It should be noted that the terms "first," "second," and the like in the description and claims of this application and in the drawings described above are used for distinguishing between similar elements and not necessarily for describing a particular sequential or chronological order. It should be understood that the data so used may be interchanged under appropriate circumstances such that embodiments of the application described herein may be used. Furthermore, the terms "comprises," "comprising," and "having," and any variations thereof, are intended to cover a non-exclusive inclusion, such that a process, method, system, article, or apparatus that comprises a list of steps or elements is not necessarily limited to those steps or elements expressly listed, but may include other steps or elements not expressly listed or inherent to such process, method, article, or apparatus.

In this application, the terms "upper", "lower", "left", "right", "front", "rear", "top", "bottom", "inner", "outer", "middle", "vertical", "horizontal", "lateral", "longitudinal", and the like indicate orientations or positional relationships based on the orientations or positional relationships shown in the drawings. These terms are used primarily to better describe the present application and its embodiments, and are not intended to limit the indicated devices, components or elements to a particular orientation or to be constructed and operated in a particular orientation.

Moreover, some of the above terms may be used to indicate other meanings besides the orientation or positional relationship, for example, the term "on" may also be used to indicate some kind of attachment or connection relationship in some cases. The specific meaning of these terms in this application will be understood by those of ordinary skill in the art as appropriate.

In addition, the term "plurality" shall mean two as well as more than two.

It should be noted that the embodiments and features of the embodiments in the present application may be combined with each other without conflict. The present application will be described in detail below with reference to the embodiments with reference to the attached drawings.

The new application of the rifamycin discovered by the application is the application of the rifamycin in preparing the medicines for preventing and treating Japanese encephalitis. When the rifamycin salt is applied to preparing the medicines for preventing and treating the Japanese encephalitis, the rifamycin has an inhibitory effect on the Japanese encephalitis virus.

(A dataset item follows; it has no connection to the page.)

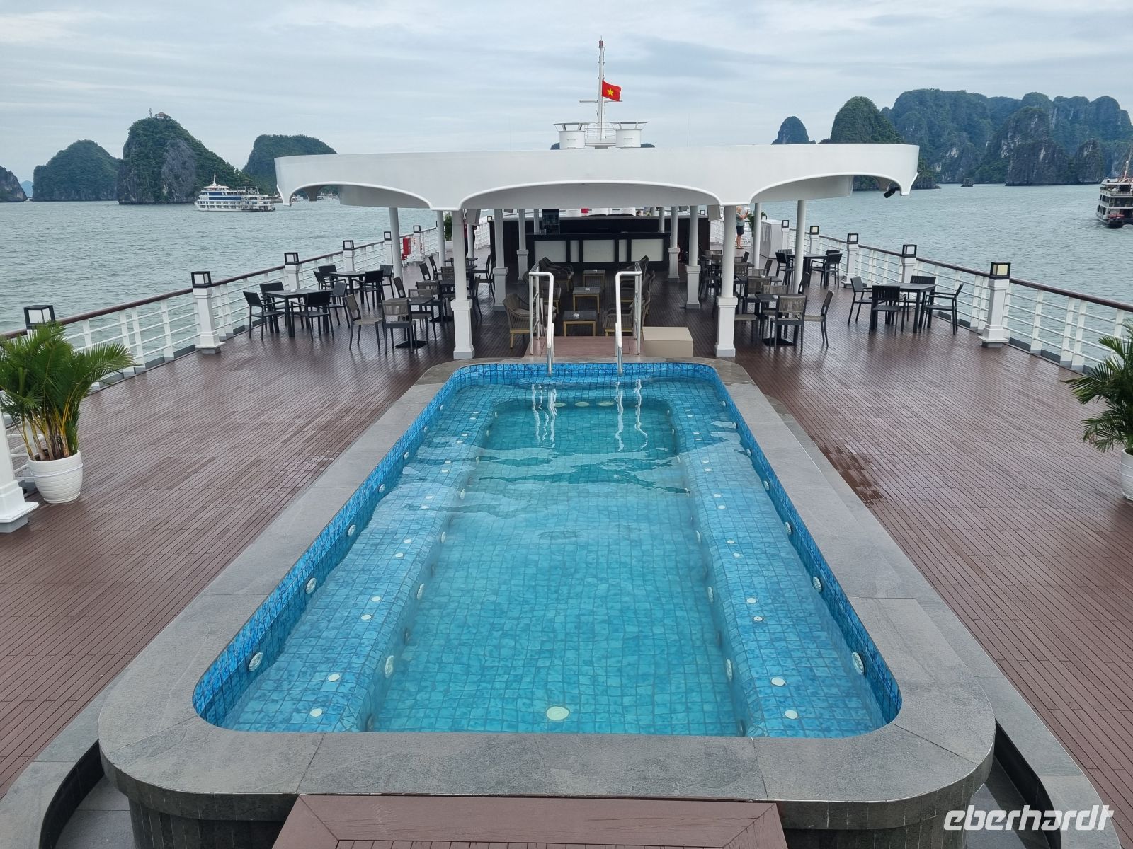 „Emeralda Resort Ninh Bingh“. Die großzügigen und luxuriösen Unterkünfte ließen keine Wünsche offen. Vor dem Abendessen blieb sogar noch Zeit, den Pool zu nutzen – wahlweise den beheizten Innenpool oder den erfrischenden Außenpool. Eine fantastische, gepflegte Anlage, die den perfekten Abschluss eines erlebnisreichen Tages bot.

The inhibition is that the rifamycin salt has the function of inhibiting the Japanese encephalitis virus from replicating in invaded target cells, thereby inhibiting the infection of the virus.

Meanwhile, the application also finds that when the rifamycin is applied to preparing the medicament for preventing and treating the Japanese encephalitis, the preventing and treating effects of the rifamycin and the effect of inhibiting the Japanese encephalitis virus are positively correlated with the concentration of the rifamycin. For example, the rifamycin concentration is 10-40. mu.M.

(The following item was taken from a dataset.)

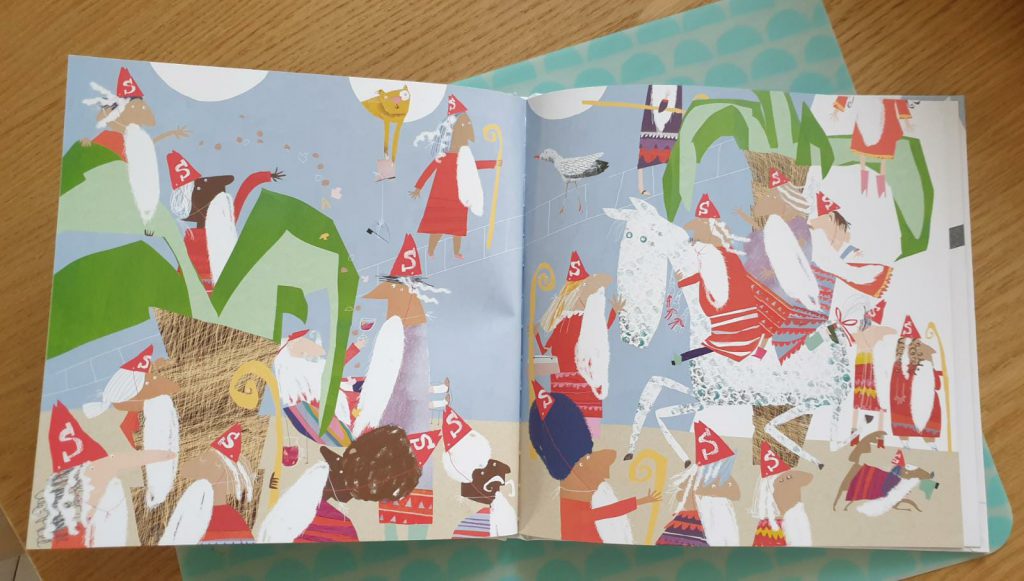 En wat een diversiteit aan hulpsinterklazen is er gekleurd in dit prentenboek een schip vol sinterklazen. Zelfs een persoon in regenboogkleding! Meisjes, jongens, allerlei huidskleuren en zelfs een hond is aangenomen als hulpsinterklaas. Wat ik heel fijn vind in dit prentenboek is dat er ook 2 pagina’s zonder tekst zijn. Dat geeft nog meer ruimte voor interactie met de kinderen. Wie denk jij dat er een goede hulpsinterklaas zal zijn? Mogen meisjes ook Sinterklaas zijn? Waarom wel waarom niet?

The following are the experiments in the present application to demonstrate the preventive and therapeutic effects of rifamycin on brain type b: rifampin (Rifampicin) is a representative of rifamycin class of drugs. It should be noted that other rifamycin drugs, such as rifapentine and rifabutin, have the same inhibitory effect and inhibitory mechanism against encephalitis b virus and rifampin, and will not be repeated for saving space. The human neuroblastoma line SK-N-SH used in the application is purchased from ATCC, and the accession number is as follows: ATCCHTB-11.

1JEV infects SK-N-SH cells

(1) SK-N-SH cells (purchased from ATCC, accession number: ATCC HTB-11) were plated on 24-well cell culture plates and cultured for 12-16h so that the cell density at the time of the experiment was about 70% -80% of the well area.

(2) Removing the culture solution during a virus infection experiment, cleaning the virus with 37 ℃ pre-heated PBS for 3 times, inoculating the JEV virus strain SA14, diluting the virus with a full culture solution, wherein the inoculation dose is MOI (equal to 0.5), incubating the virus in an incubator at 37 ℃ for 1h after inoculation, removing the virus solution, rinsing the virus solution with the pre-heated PBS for 3 times, adding a fresh culture medium, and continuously culturing the virus solution for virus detection.

2 real-time fluorescent quantitative PCR (RT-PCR) for detecting JEV virus amount

(1) Extracting total RNA of tissues or cells of each group by using a TRIzol lysis method, and comprises the following steps:

after cell treatment, culture supernatant was removed, washed with PBS 3 times, 1ml of TRIzol was added to the cells, and the cells were lysed by mixing well for 3-5min at room temperature. After animal brain tissue treatment, 100mg of each sample is weighed, after liquid nitrogen is fully ground, 2ml of TRIzol is added, and cells are fully mixed and lysed at room temperature for 5-10 minutes. 1/5 volumes of chloroform were added to each sample, mixed vigorously by hand, and centrifuged at 12,000 rpm for 15min at 4 ℃. After the centrifugation is finished, the upper aqueous phase is carefully sucked up and transferred to a new EP tube, after adding equal volume of isopropanol, the mixture is fully mixed and is placed at room temperature for precipitation for 10 min. Centrifuging at 4 deg.C for 10min at 12,000 rpm, discarding supernatant, and adding 1ml of 75% ethanol pre-cooled at 4 deg.C into each tube. And (3) fully washing the precipitate, centrifuging at 12,000 ℃ for 5min at 4 ℃, discarding the supernatant, opening an EP tube cover, drying the RNA precipitate at room temperature, and adding equal-volume DEPC (diethylpyrocarbonate) to dissolve the precipitate to obtain the total RNA.

(2) The cDNA in each group of samples was extracted using a reverse transcription kit (Takara) according to the following steps:

a reaction system was arranged in a PCR tube,

mixing the above materials by a pipette, placing in a 37 deg.C water bath for reaction for 15min, and heating in 85 deg.C water for 5s to inactivate reverse transcriptase in the system.

(3) Gene expression detection by real-time fluorescent quantitative PCR (RT-PCR)

The reaction system was prepared using SYBR Premix Ex Taq kit (Takara) as follows,

two-step amplification was performed using a Rotor Gene 3000A instrument with pre-denaturation at 95 ℃ for 2min and PCR for 40 cycles of 95 ℃ for 5s and 60 ℃ for 30 s.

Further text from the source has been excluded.